Y se quedó mirándole, con las manos enlazadas.
—No se preocupe por mi opinión —repuso el starets—. Creo en la sinceridad de su inquietud.
—¡Cuánto se lo agradezco! Oiga: cierro los ojos y pienso: «Todos creen. ¿Por qué?» Se dice que la religión tiene su origen en el terror que inspiran ciertos fenómenos de la naturaleza, pero que todo es una falsa apariencia. Y me digo que he creído toda la vida, que moriré y no encontraré nada, que entonces «sólo la hierba crecerá sobre mi tumba», como dice un escritor. Esto es horrible. ¿Cómo recobrar la fe? En mi infancia, yo creí mecánicamente, sin pensar en nada. ¿Cómo convencerme? He venido a inclinarme ante usted y a suplicarle que me ilumine. Si pierdo esta ocasión, ya no encontraré a nadie que me responda. ¿Cómo convencerme? ¿Con qué pruebas? ¡Qué desgraciada soy! Las personas que me rodean no se preocupan de esto, y yo sola no puedo soportar mis dudas. Estoy abrumada.

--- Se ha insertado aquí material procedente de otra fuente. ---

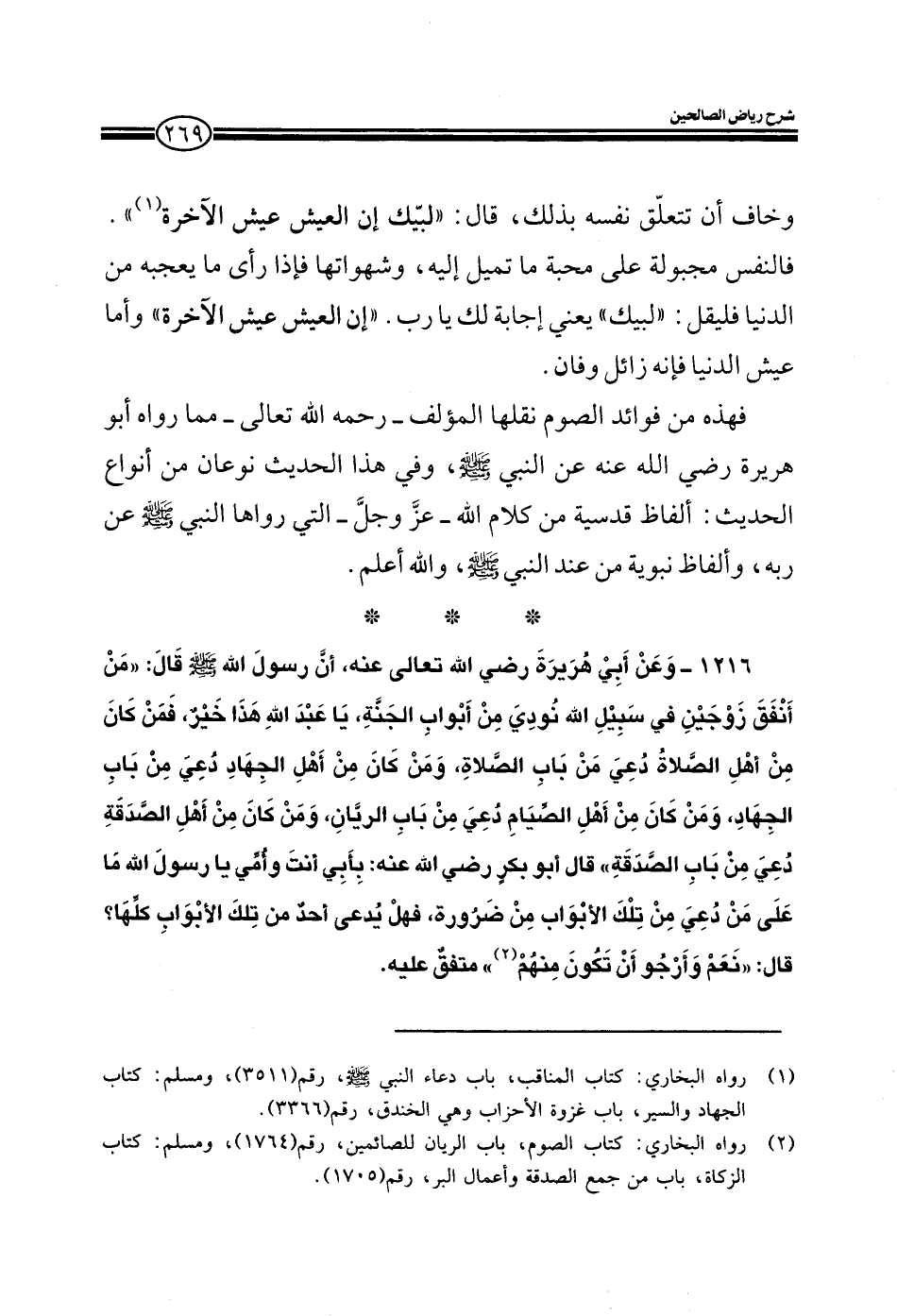 1216 - وعن أبي هريرة رضي الله عنه أن رسول الله صلى الله عليه وسلم قال: من أنفق زوجين في سبيل الله نودي من أبواب الجنة يا عبد الله هذا خير فمن كان من أهل الصلاة دعي من باب الصلاة ومن كان من أهل الجهاد دعي من باب الجهاد ومن كان من أهل الصيام دعي من باب الريان ومن كان من أهل الصدقة دعي من باب الصدقة قال أبو بكر رضي الله عنه بأبي أنت وأمي يا رسول الله ما على من دعي من تلك الأبواب من ضرورة فهل يدعى أحد من تلك الأبواب كلها قال: نعم وأرجو أن تكون منهم متفق عليه.

—Lo comprendo. Pero estas cosas no pueden probarse. Uno tiene que convencerse por sí mismo.
—¿Cómo?
—Por medio del amor, que es el que lo hace todo. Procure amar al prójimo con un ardor inextinguible. A medida que vaya usted progresando en el amor al prójimo, se irá convenciendo de la existencia de Dios y de la inmortalidad del alma. Si alcanza la abnegación completa en su amor al prójimo, creerá ciegamente y la duda no podrá siquiera rozar su alma. Esto está demostrado por la experiencia.
—¿El amor que lo hace todo? He aquí otro problema..., ¡y qué problema! Mire: yo amo de tal modo a la humanidad, que, aunque usted no lo crea, he pensado a veces en abandonarlo todo, incluso a Lise, y convertirme en hermana de la Caridad. Cierro los ojos, pienso, sueño, y en esos momentos me asiste una fuerza invencible. Ninguna herida, ninguna llaga purulenta me inquietará: las lavaré con mis propias manos y seré una enfermera presta a besar las úlceras de los pacientes.

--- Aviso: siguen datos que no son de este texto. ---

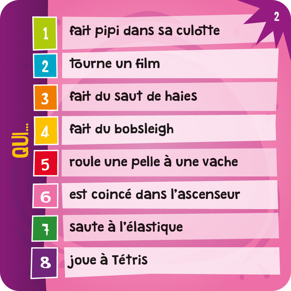 Deux équipes, deux pioches de cartes… et c’est parti! Votre objectif : avoir cumulé plus de points que l’équipe adverse lorsque les deux talons seront épuisés. À chaque tour, vous devrez mimer à vos partenaires des scènes très insolites, après avoir tiré une carte dans deux pioches différentes. La première carte vous indiquera le sujet (par exemple « un cheval ») et la seconde, l’action que ce dernier est en train d’effectuer (« fume un cigare » par exemple). Si vous parvenez à tout faire deviner à votre équipe avant la fin du sablier, vous marquerez les points indiqués sur les cartes!
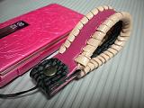 表面は、編み込みデザインを型押した、ブラックレザーを使用。 内側は、ライトピンクレザーを使用しました。 トップの部分は、アルミカラーのレッドレザーを使用。 周囲の部分は、ピンクレザーで、かがり仕上げをしています。 ストラップひもは、ブラックを使用。 *携帯電話は、付属致しません。 |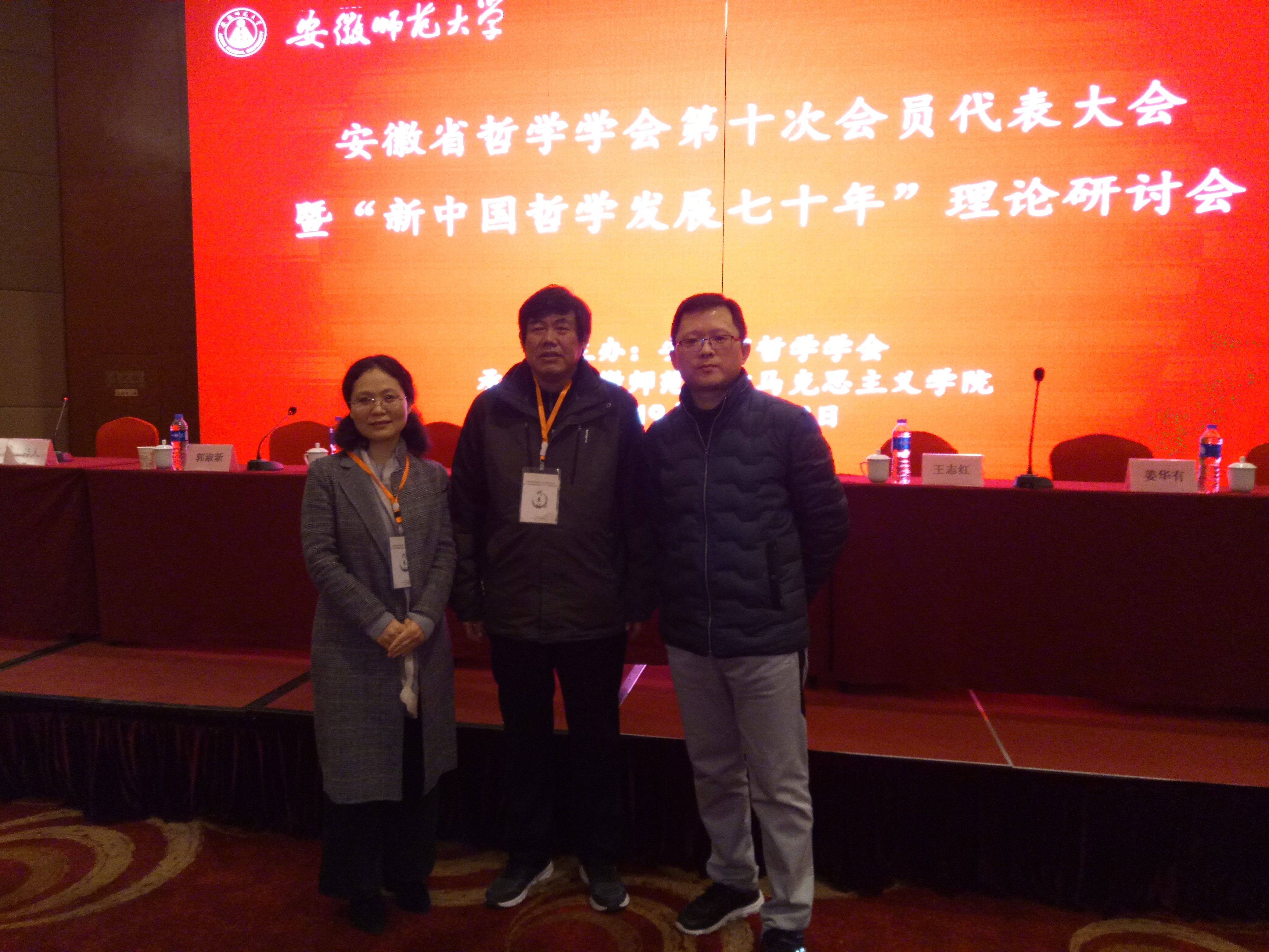 2019年12月7日至8日,安徽省哲學學會第十次會員代表大會暨“新中國哲學發展七十年”理論研討會在安徽師范大學順利召開。本次會議由安徽省哲學學會主辦,安徽師范大學馬克思主義學院承辦。來自全省各高校、黨校和科研院所的120多位專家學者參加了會議,我校馬克思主義學院蘇冰、李繼友、魏亞三位老師參加了會議。蘇冰老師以《話語權的視角下習近平對外話語體系構建的三個維度》為題作了大會發言,并獲優秀論文獎。

—No es poco que haya tenido tales pensamientos. Algún día realizará usted, por obra del azar, una buena acción.
—¿Pero podré soportar durante mucho tiempo semejante vida? —siguió diciendo la dama con vehemencia—. Ésta es la cuestión más importante, la que más me atormenta. Cierro los ojos y me pregunto: «¿Permanecerás mucho tiempo en este camino? Si el enfermo al que lavas las úlceras lo paga con la ingratitud, si te atormenta con sus caprichos, sin apreciar ni advertir siquiera tu devoción; si grita, se muestra exigente e incluso presenta quejas sobre ti, como pueden hacer las personas atormentadas por el sufrimiento, ¿perdurará tu amor?» Y sepa usted que yo me he dicho ya con profunda desazón: «La ingratitud es lo único que puede enfriar, e inmediatamente, mi amor activo por la humanidad.» En una palabra, que, al amar, trabajo por un salario y exijo recibirlo inmediatamente en forma de elogios y de un amor como el mío. De otro modo, no me es posible amar a nadie.
Después de haberse fustigado a sí misma con este arrebato de sinceridad, se quedó mirando al staretscon una fijeza provocadora.